Brand journalism dismantles the PR silo

King’s English has promoted three main business components for the last 12 years: advertising, public relations and Internet development. Picture this on a pie graph, sliced into equal thirds. But over the past five years, things have changed.

The line between “Internet” and public relations has eroded.

The concept of “brand journalism” comes into the picture here. While traditional media is still important for PR messaging, electronic media makes it possible for brands to publish their own online magazines.
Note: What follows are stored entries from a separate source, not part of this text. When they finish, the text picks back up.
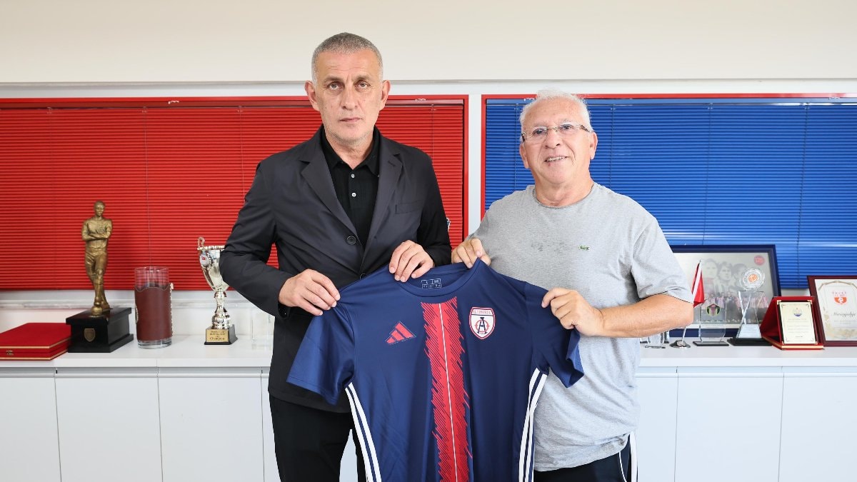 - Ziyarette Özkan, Hacıosmanoğlu'na forma hediye etti.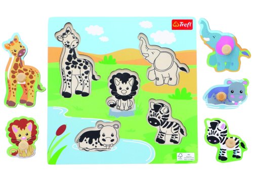 Dřevěné puzzle, základna s drážkami a pěti odnímatelnými kusy s rukojeťmi. Úkolem dítětě je umístit puzzle na správné místo. Hračka pomáhá procvičovat jemnou motoriku dítěte a přizpůsobování tvaru. Pro děti od 18 měsíců.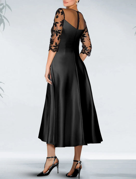 A-Line Cocktail Black Dress Plus Size Appliques Elegant Dress Fall Wedding Guest Dress For Mother Knee Length 3/4 Length Sleeve Off Shoulder Pocket Satin with Beading Pocket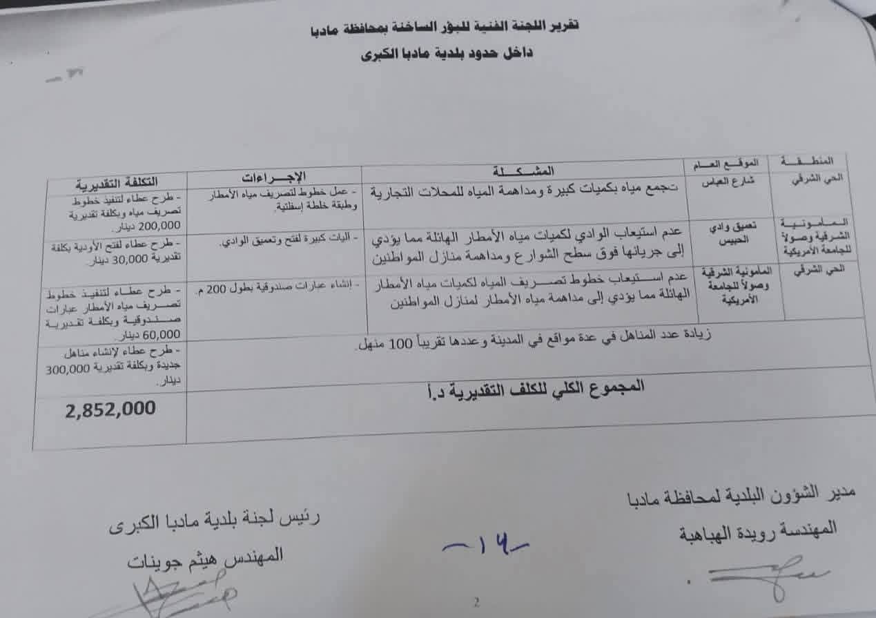 5. 13 بؤرة ساخنة في مادبا واستملاك لخمسة منازل ضمن مسار الاودية /// و تنفيذ عطاءات لتحسين وتجويد شبكة تصريف مياه الامطار بمبلغ(2,852,000) الف دينار (مرفق التقرير) .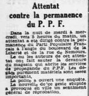 Coïncidence, un attentat avait eu lieu, dans la nuit du 13 au 14, à la permanence du Parti populaire français (PPF), situé à l'angle du boulevard de la Liberté et de la rue de Nemours provoquant de considérables dégâts matériels au magasin qui l'abrite. " Ce geste stupide a provoqué en ville un sentiment général de réprobation" affirmera l'Ouest-Éclair du 15 juillet.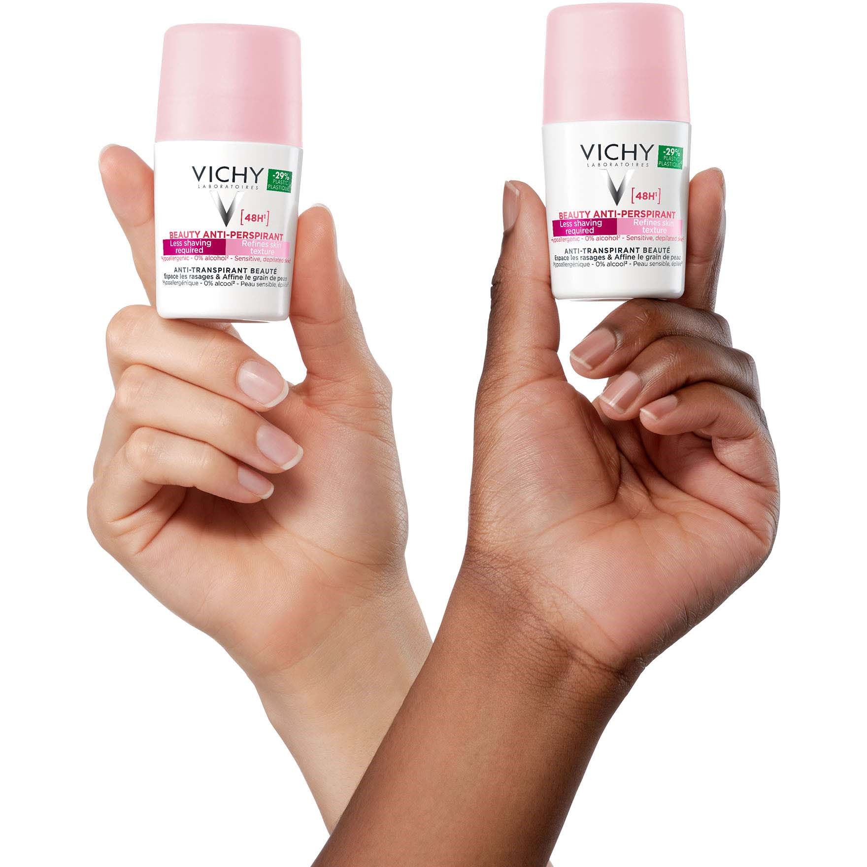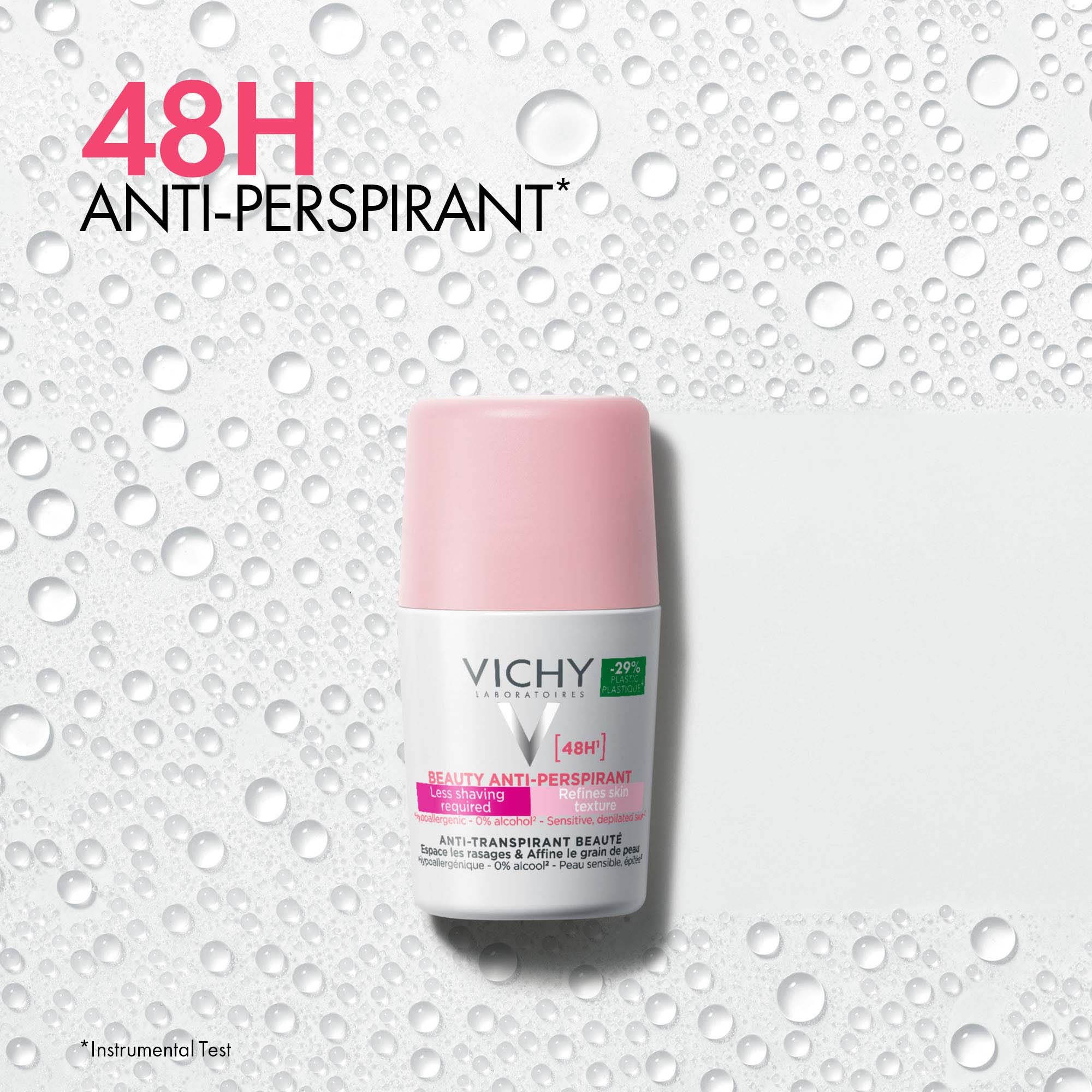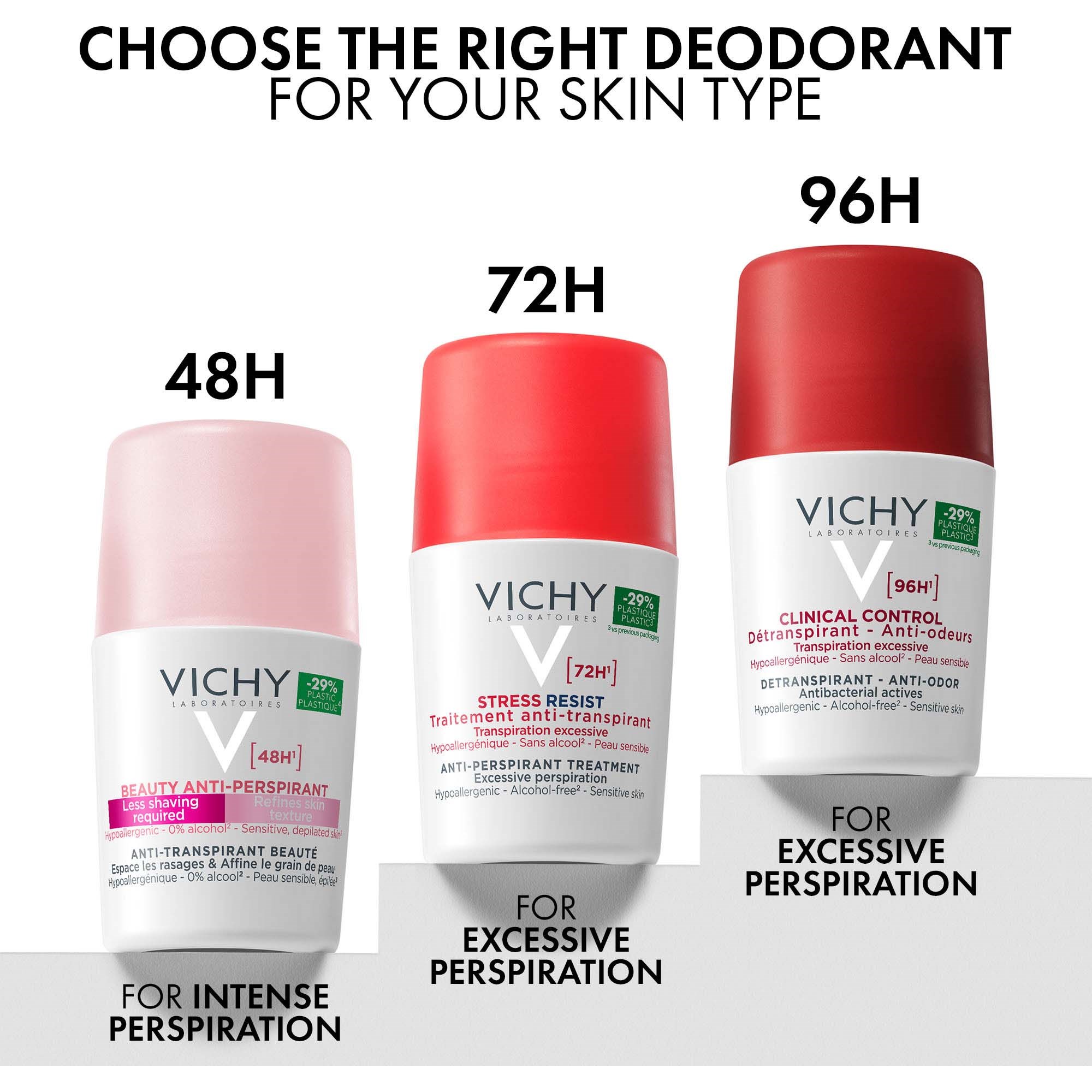 Vichy chce, abyś doświadczał uczucia świeżości i braku potu przez cały dzień. Dlatego dezodoranty nie tylko zapobiegają powstawaniu nieprzyjemnego zapachu potu, który powstaje w wyniku rozwoju bakterii, ale także działają antyperspiracyjnie (przeciwdziałają poceniu się).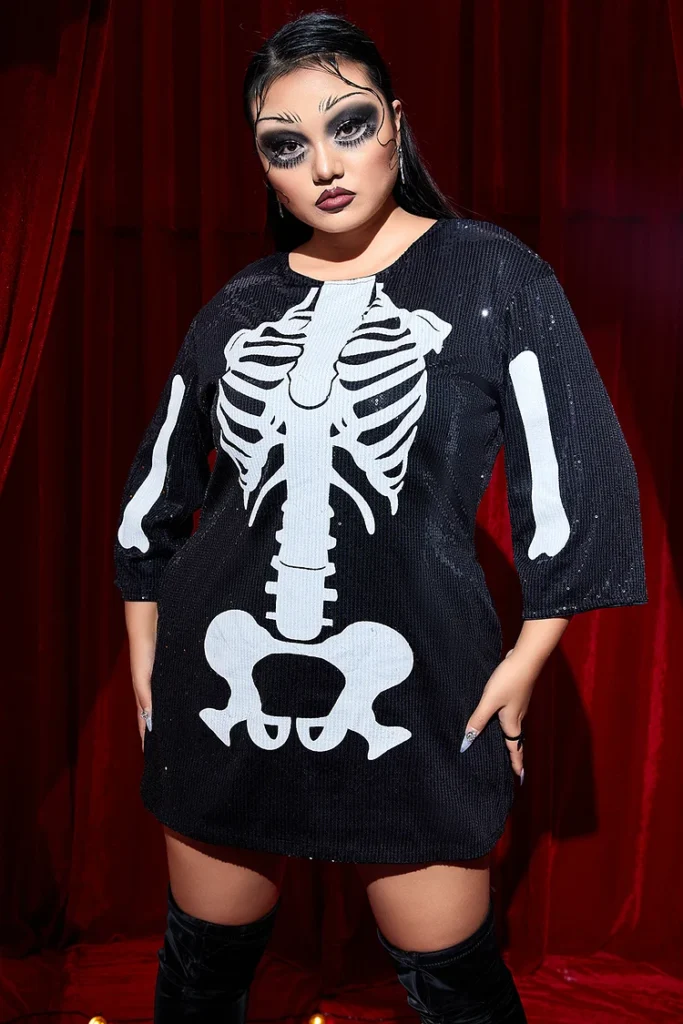 7. Plus Size Sequined Skeleton Sweater Dress Halloween Costume

The public relations service PR Newswire hosted a panel discussion on brand journalism earlier this year and the report from that event does a great job summing up the opportunity:

As might be expected, both panels spent time answering the question, “What is brand journalism?” The panelists offered a variety of different ideas, which together form a comprehensive description:

• An editorial approach to brand building

A nonfiction attempt at advertising

Thinking more like publishers

It’s not a choice, it’s a clear imperative

It’s all about real time marketing, brands acting as media in real time, as life happens

It’s the responsibility of companies to help their customers succeed

Read the whole article here.

Not many people want to voluntarily read promotional messages. They prefer engaging content aligned with their personal needs and interests that may not even mention a product or service.

“Branded content” is a similar term and it’s now a practice unto itself in our business. It can refer to hard copy magazines that a company puts out simply to get readers into the sphere of congruent interests and, increasingly, it can be the basis for blogs and social media.

If you’re selling pocket knives, write about fishing. If you’re selling business process improvement, write about innovative ideas from your clients. If you’re selling dinnerware, write about food or party ideas.

So much time spent NOT promoting product features will make old guard marketers nervous, but in the permission-based world of our Internet lives, it has become a cost of doing business.